Modern DRAM cells are periodically refreshed to prevent data loss due to leakage. Commodity DDR (double data rate) DRAM refreshes cells at the rank level. This degrades performance significantly because it prevents an entire DRAM rank from serving memory requests while being refreshed. DRAM designed for mobile platforms, LPDDR (low power DDR) DRAM, supports an enhanced mode, called per-bank refresh, that refreshes cells at the bank level. This enables a bank to be accessed while another in the same rank is being refreshed, alleviating part of the negative performance impact of refreshes. Unfortunately, there are two shortcomings of per-bank refresh employed in today's systems. First, we observe that the perbank refresh scheduling scheme does not exploit the full potential of overlapping refreshes with accesses across banks because it restricts the banks to be refreshed in a sequential round-robin order. Second, accesses to a bank that is being refreshed have to wait. To mitigate the negative performance impact of DRAM refresh, we propose two complementary mechanisms, DARP (Dynamic Access Refresh Parallelization) and SARP (Subarray Access Refresh Parallelization). The goal is to address the drawbacks of per-bank refresh by building more efficient techniques to parallelize refreshes and accesses within DRAM. First, instead of issuing per-bank refreshes in a round-robin order, as it is done today, DARP issues per-bank refreshes to idle banks in an out-of-order manner. Furthermore, DARP proactively schedules refreshes during intervals when a batch of writes are draining to DRAM. Second, SARP exploits the existence of mostly-independent subarrays within a bank. With minor modifications to DRAM organization, it allows a bank to serve memory accesses to an idle subarray while another subarray is being refreshed.

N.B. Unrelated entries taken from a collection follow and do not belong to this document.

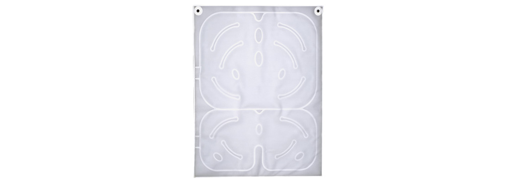 水溶液の流動性を活かして、上体を起こした場合にも臀部にかかる圧力を効果的に分散します。また、カッティング加工を施すとともに、膝からかかとに向かってなだらかな傾斜を設けることで、ふくらはぎへ圧力を分散します。
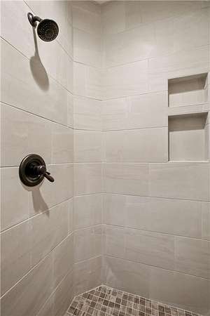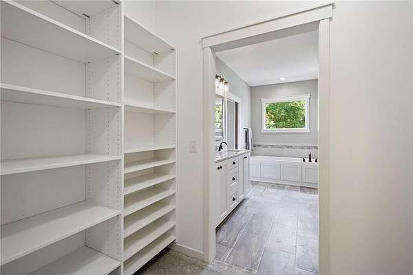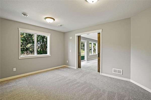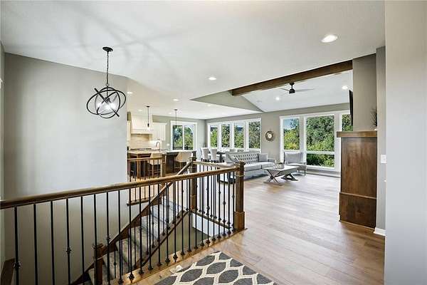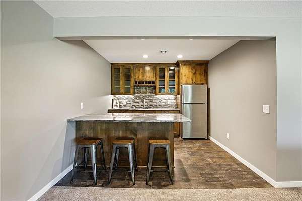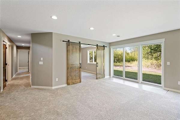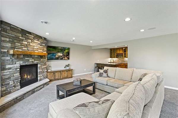 Downstairs, the finished lower level expands your living space with two more bedrooms, a full bath, a versatile flex room with barn doors, a custom wet bar, and a spacious family room anchored by a cornerstone fireplace and more built-in cabinetry.
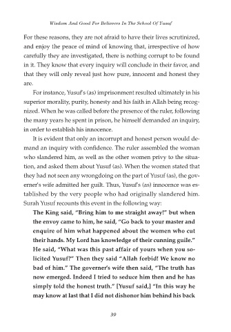 erner’s wife admitted her guilt. Thus, Yusuf’s (as) innocence was es-

Extensive evaluations on a wide variety of workloads and systems show that our mechanisms improve system performance (and energy efficiency) compared to three state-of-the-art refresh policies and the performance benefit increases as DRAM density increases.
查看原文
分享 分享
微信好友 朋友圈 QQ好友 复制链接
本刊更多论文
通过并行刷新和访问来提高DRAM性能
现代DRAM单元定期刷新,以防止因泄漏而丢失数据。商品DDR(双倍数据速率)DRAM在等级级别刷新单元。这会显著降低性能,因为它会阻止整个DRAM队列在刷新时处理内存请求。专为移动平台设计的LPDDR(低功耗DDR) DRAM支持一种增强模式,称为每银行刷新,在银行级别刷新单元。这使得可以在刷新同一级别的另一个银行时访问一个银行,从而减轻了刷新对性能的部分负面影响。不幸的是,在当今的系统中,每个银行的刷新有两个缺点。首先,我们观察到,perbank刷新调度方案没有充分利用跨银行访问重叠刷新的潜力,因为它限制了银行以连续的循环顺序进行刷新。其次,访问正在刷新的银行需要等待。为了减轻DRAM刷新对性能的负面影响,我们提出了两种互补机制,DARP(动态访问刷新并行化)和SARP(子阵列访问刷新并行化)。我们的目标是通过构建更有效的技术来并行处理DRAM中的刷新和访问,从而解决每个银行刷新的缺点。首先,DARP不像现在那样以循环顺序发布每个银行的刷新,而是以无序的方式向空闲银行发布每个银行的刷新。此外,DARP在一批写操作消耗到DRAM时主动安排刷新。其次,SARP利用银行中存在的大多数独立子数组。通过对DRAM组织进行少量修改,它允许存储库在刷新另一个子数组时为空闲子数组提供内存访问。对各种工作负载和系统的广泛评估表明,与三种最先进的刷新策略相比,我们的机制提高了系统性能(和能源效率),并且性能优势随着DRAM密度的增加而增加。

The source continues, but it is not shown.